Будучи в Лувре, я не смог испытать аналогичное ощущение: возле Венеры Милосской стояла огромная толпа и это, увы, мешало восприятию. Но буквально через несколько минут мне неожиданно довелось пережить такое же чувство возле «Прекрасной Ферроньеры» Леонардо да Винчи: в первый момент мне показалось, что холст меньше рамы и промежуток между ним и нижней частью рамы закрыт доской – но тут же я осознал, что это, конечно, не так: просто Леонардо столь мастерски изобразил деревянный подоконник…
Отец очень любил Notre-Dame. «Notre-Dame de Paris. Впечатление трудно описать словами» – так он написал в дневнике о своем первом визите в Notre-Dame. Сущая правда! Иначе и не скажешь… А впоследствии, уже бывая в Париже регулярно, он однажды с улыбкой сказал, что полностью разделяет мнение Генриха IV: «Париж стоит обедни» – стоит поехать в Париж для того, чтобы пойти на мессу в Notre-Dame…
В свой первый визит в Париж отец очень полюбил церковь Sacré-Cæur. Он жил в тот приезд неподалеку, на Монмартре – и постоянно бывал в этой замечательной церкви. Вернувшись, он много рассказывал мне о ней, показывал фотографии – и однажды сказал, что когда я приеду в Париж, я сразу же должен буду пойти в Sacré-Cæur – в память о нем. Чувствовалось, что отец уверен в том, что я впервые окажусь в Париже уже после его смерти – и, увы, так оно и вышло. И, действительно – первое, что мы увидели в Париже, была именно Sacré-Cæur – из аэропорта мы добирались на метро и сразу же, как поезд выехал из туннеля на поверхность, открылся вид на Монмартр и эту ослепительно белую церковь…
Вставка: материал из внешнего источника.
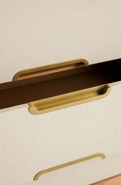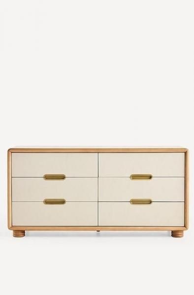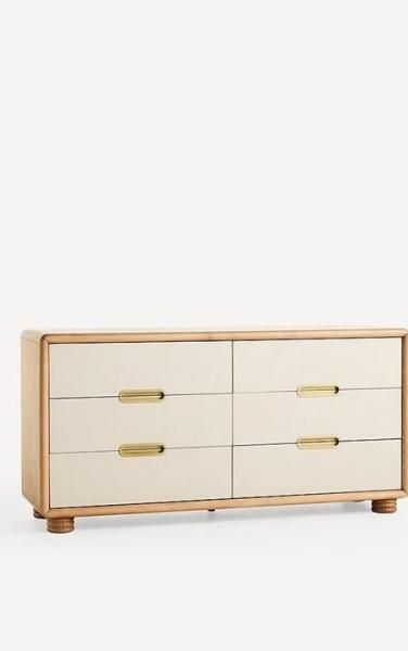 アッシュ材とポプラ材を使用したドレッサー。アッシュ突板とオクメ突板のバックパネル付き。MDFとレザーを使用し、アッシュ突板で仕上げたソフトクローズ式の引き出しが6つ。
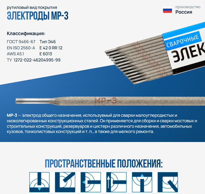 Электроды МР-3 формирует ровный и прочный шов, защищенный от попадания внутрь окисляющих элементов. Не образует стыков, шероховатостей и переходных зон. Характеризуется минимальным разбрызгиванием расплавленного материала.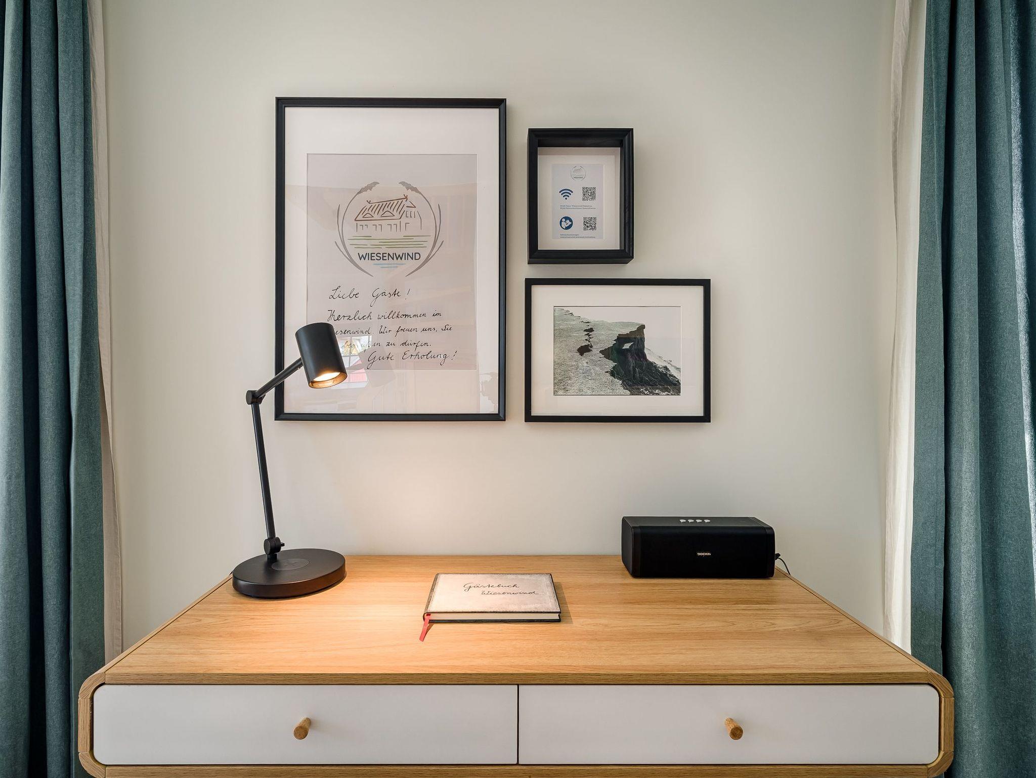 Wohnraum mit 2 Ledersofa, Leseecke mit 2 Ohrensesseln, Schreibtisch mit Lampe (USB-C Anschluss und direkte Handylademöglichkeit), Samsung The Frame TV, Bluetooth-Box, Kaminofen, Esstisch für 8 Personen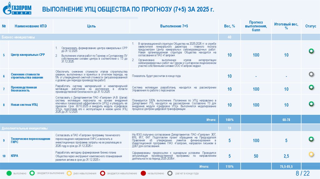 ДОСТИЖЕНИЕ СТРАТЕГИЧЕСКИХ ЦЕЛЕЙСтатус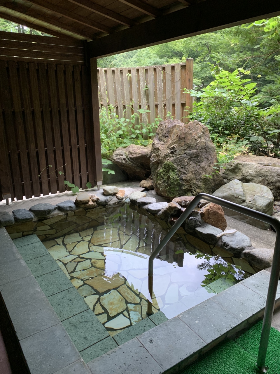 猿ヶ京温泉から赤谷川を上った山の中にある一軒宿です。山奥の一軒宿というと年季が入った建物を想像しますが、古めかしさはあまり感じないきちんとした旅館です。この宿の売りは湯治に適した「ぬる湯」で温度は39℃、涼しい山中とも相まって夏でも長めに入れました。泉質と湯量は抜群です。露天とぬる湯の内湯は混浴ですが女性は湯あみを借りて(有料)入ることができます。男女別の風呂もあります。料理は量控えめのプランでしたがちょうどよく、イワナや鹿肉鍋などの山の幸を美味しくいただきました。料金もお手頃で穴場の温泉かと思います。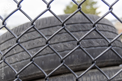 © Jacob Tian, Fototapeta premium Stacked used tires - behind chain-link fence - under cloudy sky. Taken in Toronto, Canada.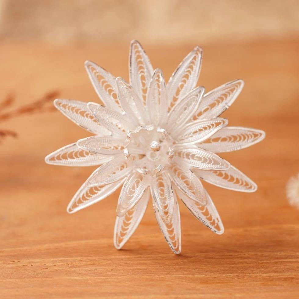 Floral Filigree Sterling Silver Brooch Pin 'Lotus Filigree' Item ID: 2671472010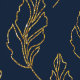 Papel Pintado Modernas hojas doradas Patrón botánico azul real

А еще с Sacrй-Cњur связано одно мое детское воспоминание. В пору моего раннего детства мы с родителями часто бывали у Елены Александровны Яновской (отец упоминает ее в своих эссе и в дневнике). Елена Александровна жила на Арбате, в Большом Власьевском переулке, и мы обычно шли к ней от метро по Сивцеву Вражку. Как-то мы пришли к Елене Александровне в то время, когда у нее гостила ее давняя подруга из Парижа – Жинет Мелен-Фокон. Разговор, естественно, зашел о Париже, говорили о многом, и, конечно, многократно упоминали Sacré-Cæur. А я, как это бывает с детьми, всё на свете перепутал: в Сивцевом Вражке есть сталинский дом с башенкой, увенчанной куполом – я решил, что это и есть Sacré-Cæur и в следующий раз по дороге к Елене Александровне спросил у родителей: «А мы пойдем мимо Sacré-Cæur?» Они рассмеялись, и отец сказал: «Нет, ты перепутал – Sacré-Cæur в Париже». В тот момент я испытал жгучую обиду: Sacrй-Cњur в Париже – значит, я ее никогда не увижу!
Вот что такое советское время! В ту пору мне было года четыре, не больше (Елена Александровна умерла осенью 1985 года, когда мне исполнилось пять лет), но я уже хорошо понимал, что такое «железный занавес» и осознавал, что у советского человека нет шансов увидеть заграничные достопримечательности…
Вернувшись из Парижа, отец постоянно вспоминал этот дивный город. В один прекрасный момент он, шутя, стал изображать француза, волей судьбы оказавшегося в России и очень тоскующего по родине. Рассказывая о Париже, он неизменно ностальгически произносил: «У нас там…»
Надо сказать, что шутки имеют обыкновение сбываться: однажды, уже много лет спустя, отец, вернувшись с приема во французском посольстве, с восторгом рассказал услышанную там легенду: отец Георгий так хорошо говорит по-французски, потому что его мама – француженка…
Вскоре после возвращения из Парижа отец шел по коридору ИнЯза, держа в руках металлическую коробку с чаем – он привез ее в подарок коллеге. Нынче такой чай можно купить в любом магазине, а в конце 1980-х это была редкость. Такая диковинка, конечно, не могла остаться без внимания – и дама, шедшая навстречу отцу по коридору, бросилась к нему с возгласом: «Где вы это купили?!» – «У метро». – «У какого метро? У нашего?» – «Jules Joffrin», – невозмутимо ответил отец…
Летом 1988 года отец всерьез опасался, что больше никогда не попадет в Париж. Слава Богу, эти опасения не сбылись, и в девяностые годы он стал бывать в Париже регулярно. Второй раз он поехал туда в 1992 году – тогда он остановился в Медоне, у отцов-иезуитов, с которыми очень дружил.